Agreement to develop E. coli O157:H7 vaccine
Researchers at work on the project in the Roslin Institute
Collaborative research enters commercial phase

Roslin Technologies has signed an agreement with animal sciences research establishments Moredun Research Institute, Scotland’s Rural College and the Roslin Institute at the University of Edinburgh, to fund the commercial development of an E. coli O157:H7 vaccine for cattle, which it is claimed will prevent illness in humans.

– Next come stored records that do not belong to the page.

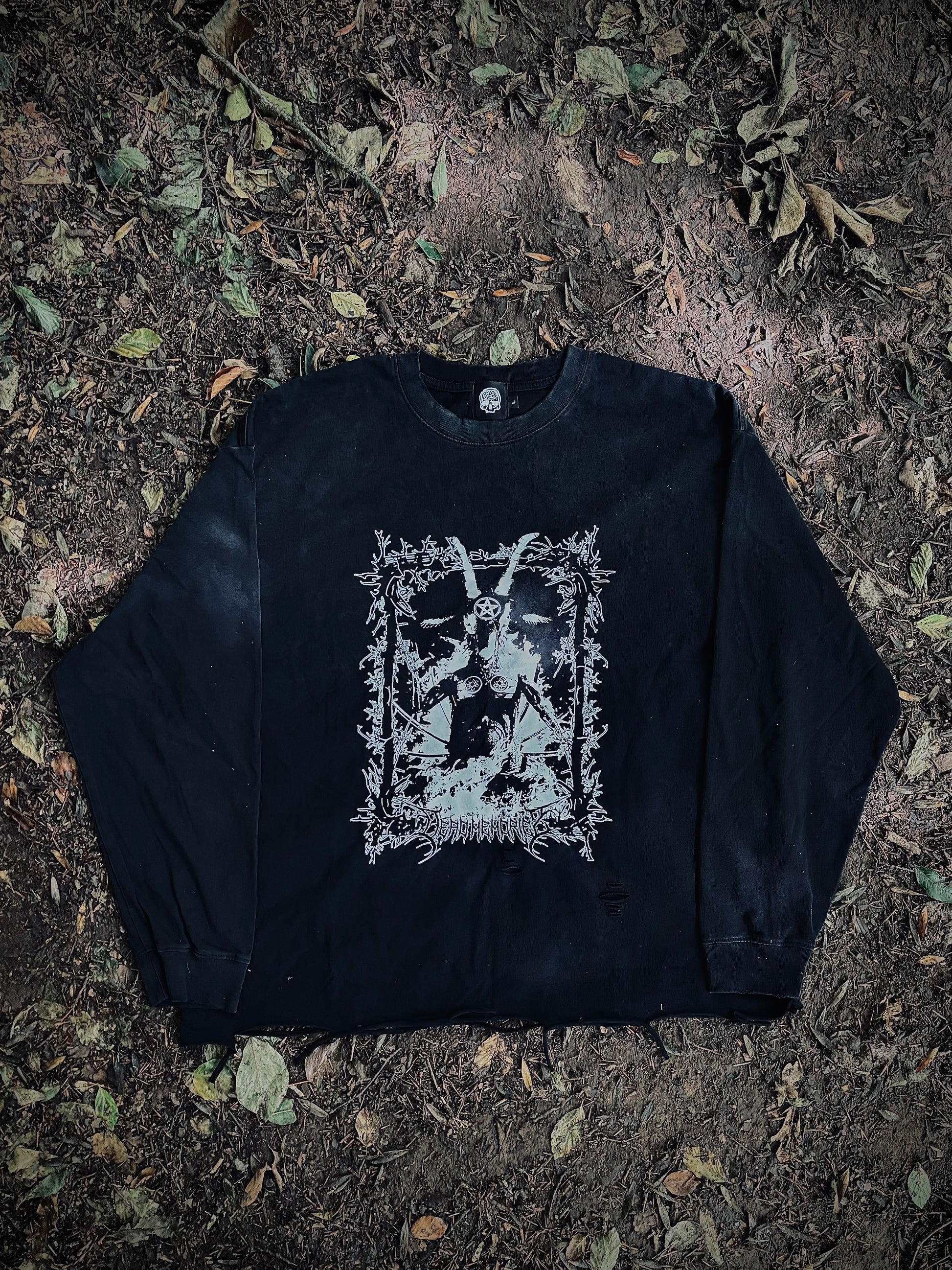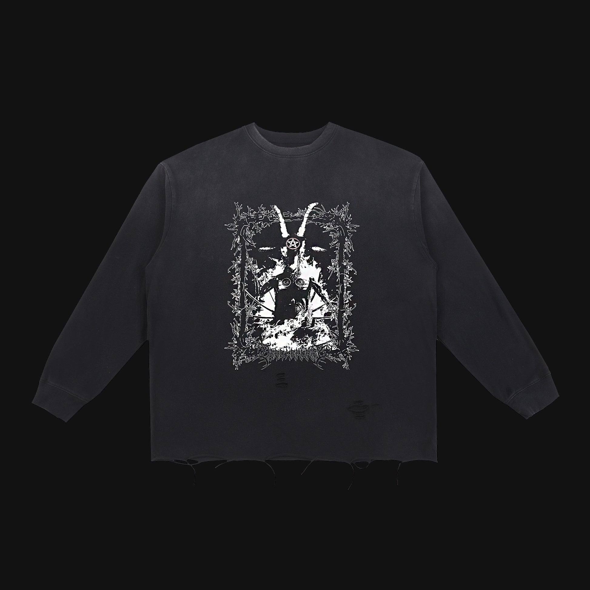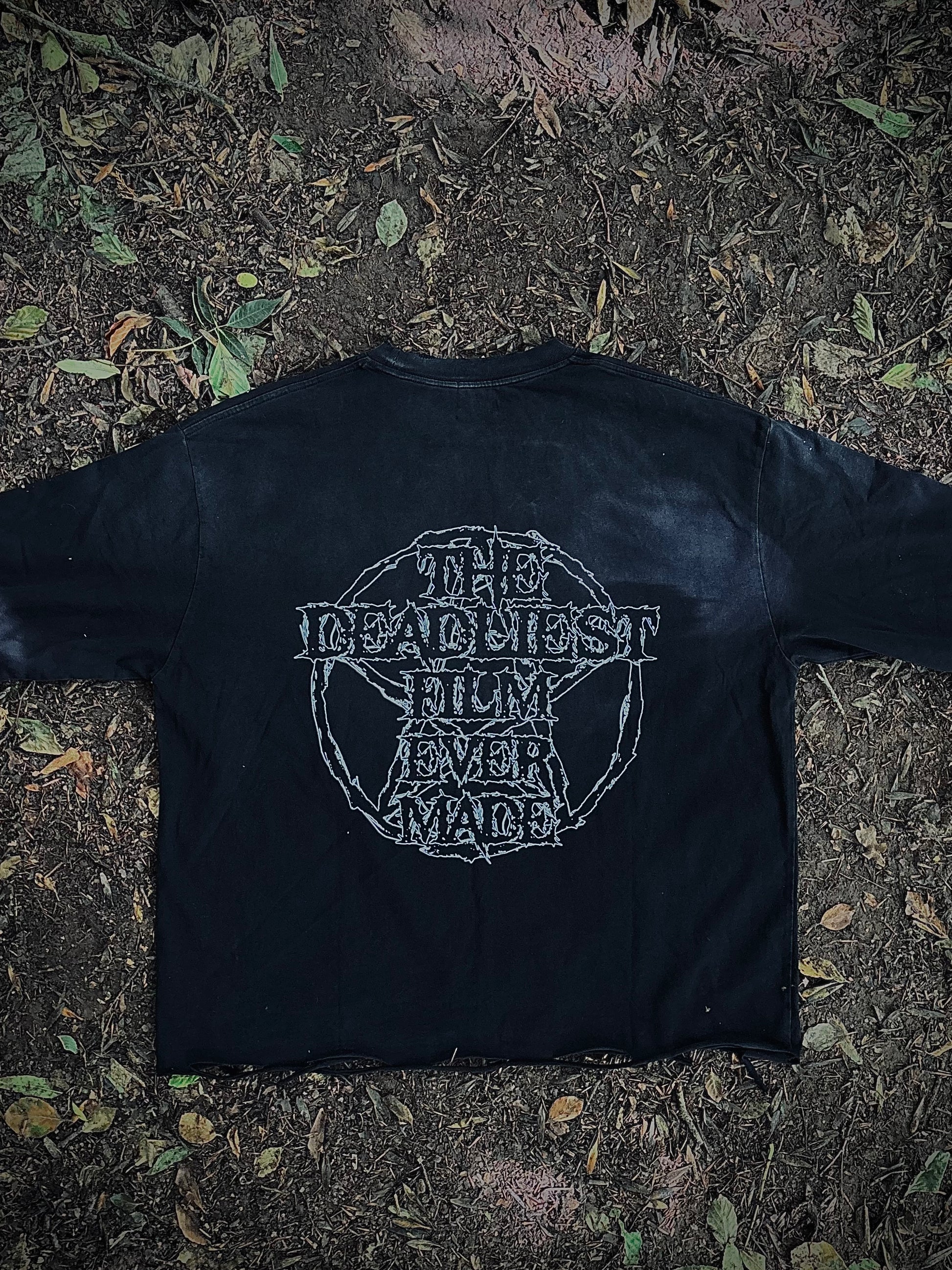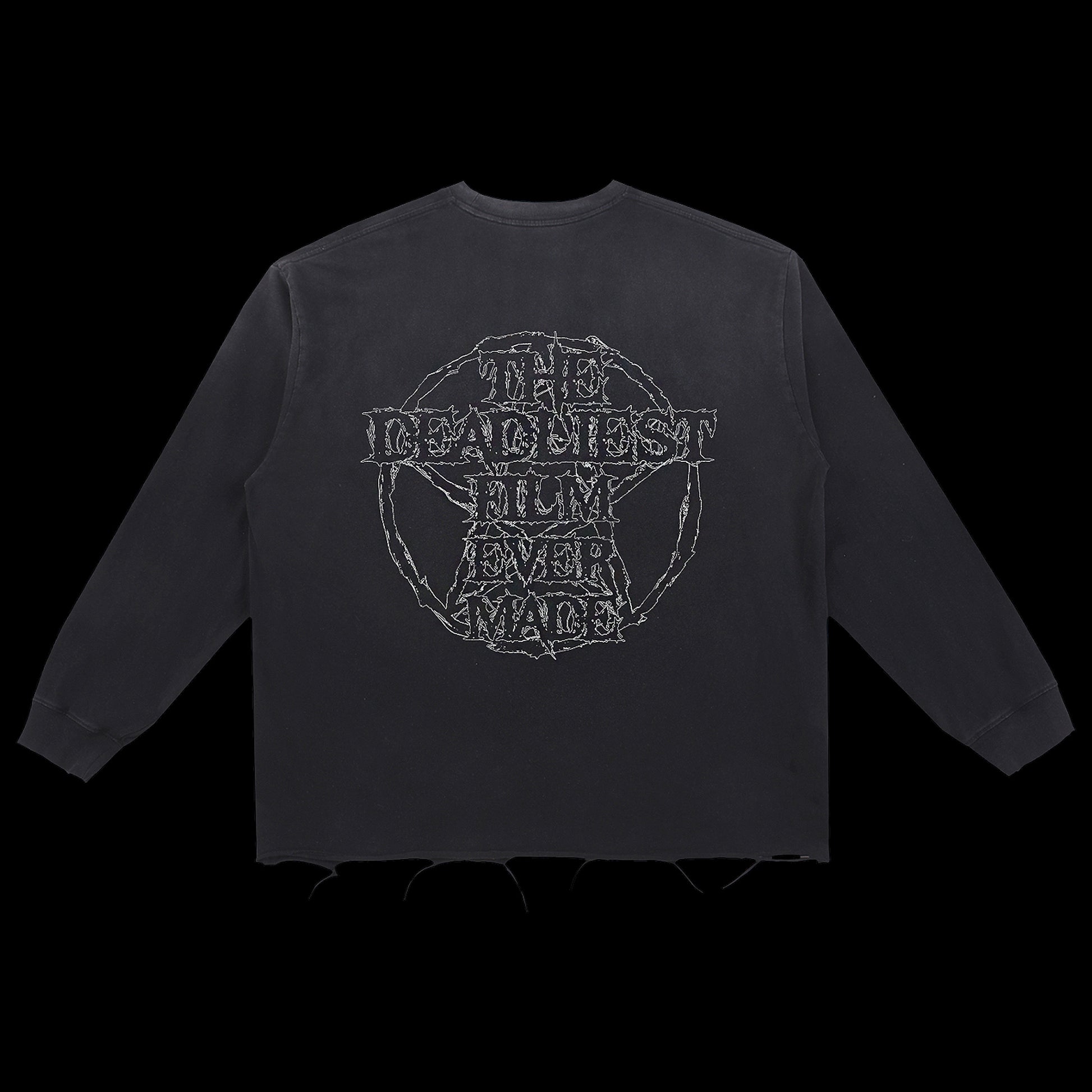 Washed black raw edge distressed long-sleeve with a oversized fit. Features the "Deadliest Film Ever Made" print on the front and back, in perfect time for halloween β οΈ.
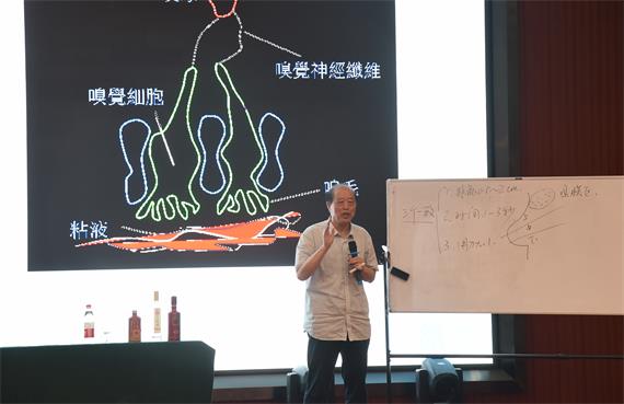 师者,传道授业解惑也。授课现场,赖登燡从白酒品鉴的“色香味格”,讲到高度酒、低度酒的发展历程,再到纯粮酒的鉴别技巧。同时,对于与会人员提出的问题,也进行了全面细致的解答。他风趣幽默的言语,深入浅出的讲解,赢得了大家的阵阵掌声。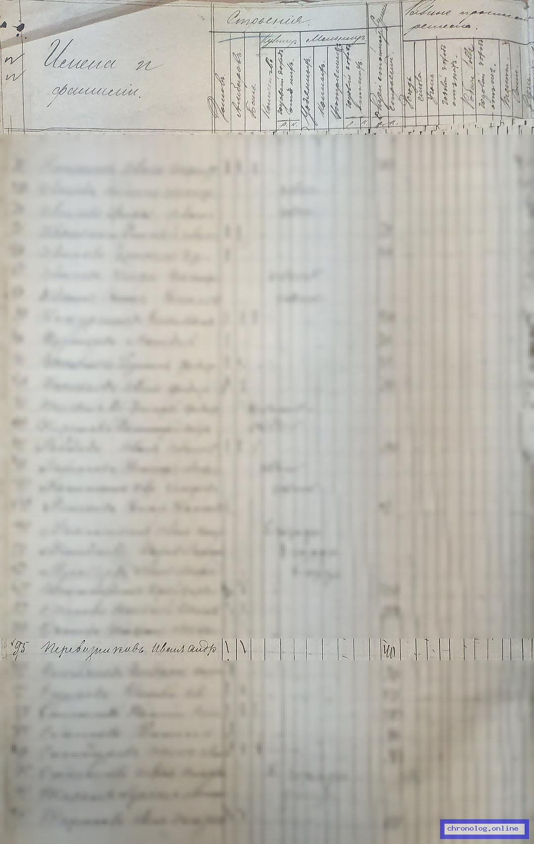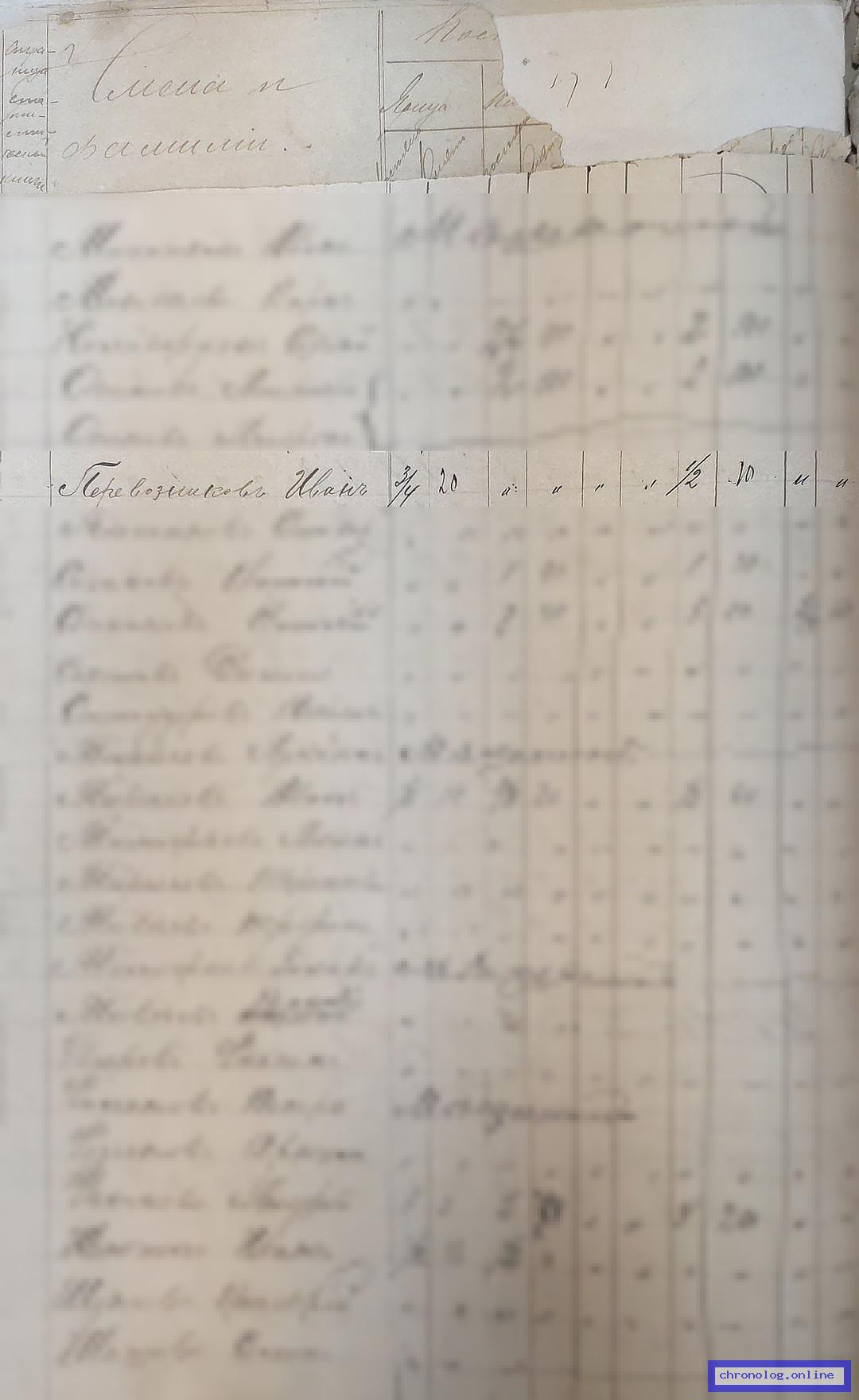 РГИАДВ 746-1-37, Л.13об., 14, 74об., 75 (Сведения о крестьянских селениях и посеве хлеба на 1896 год): Хозяйство Перевозникова Ивана Андреевича: 1 дом, 1 амбар на 40р., 1 лошадь, 1 корова на 100р.; посевы: ярицы ¾, гречи ½, картофеля 5, капусты 1, огурцов 1, моркови ½, свеклы 1. Время и место исхода не показано. Снимки: 13об, 14, 74об, 75. | |||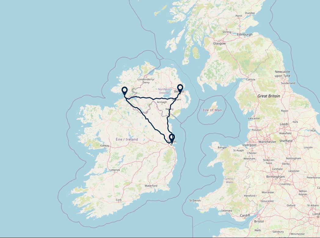 Dag 2: Dublin, Annadale House - Belfast, Titanic Guest Boutique, 166 km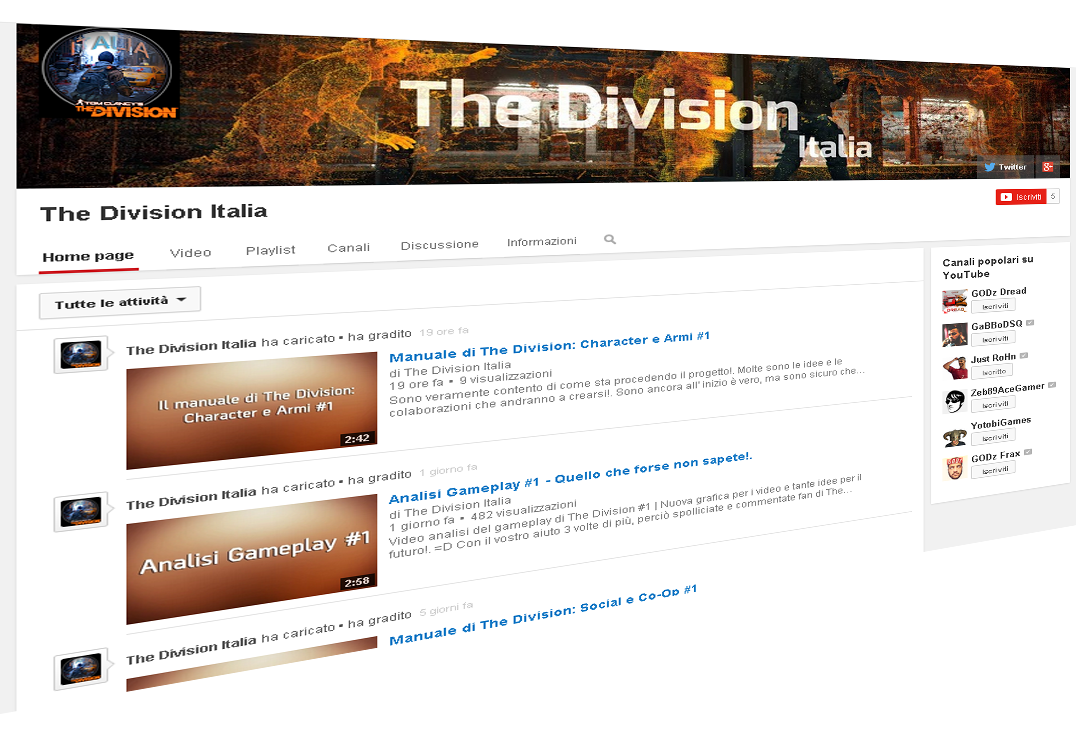 E’ con grande piacere che annuncio l’apertura, su YouTube, di un canale totalmente in italiano dedicato al nostro gioco preferito. Anche qui potrete trovare informazioni e video di approfondimento che vi spiegheranno la struttura di gioco e le varie sfaccettature.

E. coli O157:H7 is a pathogenic bacterium of cattle that can cause life-threatening food-borne illness in humans through the consumption of contaminated products, such as dairy products and meat. Despite efforts to reduce contamination of food, E. coli O157:H7 causes one to 10 cases per 100,000 people, with certain countries having clusters of more virulent strains – notably the UK, USA, Argentina and Sweden.
 
The experimental vaccine has been developed to limit E. coli O157:H7 shedding from – and transmission between – cattle. Although the bacteria do not harm cattle, farmers will be encouraged to vaccinate animals against infection with this new vaccine. Early results have indicated that this vaccine may be more effective than other previous attempts and have a greater impact in reducing human exposure and infection.

The project team has been led by Dr Simon Wheeler COO of Roslin Technologies, with significant input from the principal investigators, Professor David Gally from Roslin Institute and Dr Tom McNeilly from Moredun Research Institute, who have been doing the fundamental research necessary to really understand whether the vaccine works and the essential science behind it.

Under the new agreement, Roslin Technologies will perform a two-step validation trial from May  to September 2020 in Nebraska, USA. The field trials will examine ‘super-shedding’ in cattle to discover whether the vaccine prevents shedding of the bacteria and is viable for commercial use.
 
The background research was funded  in part by UK agencies Defra (Department for Environment, Food & Rural Affairs), BBSRC (Biotechnology and Biological Sciences Research Council, FSA/FSS (Food Standards Agency/Food Standards Scotland), and other commercial partners. This valuable contribution is recognised by the project team.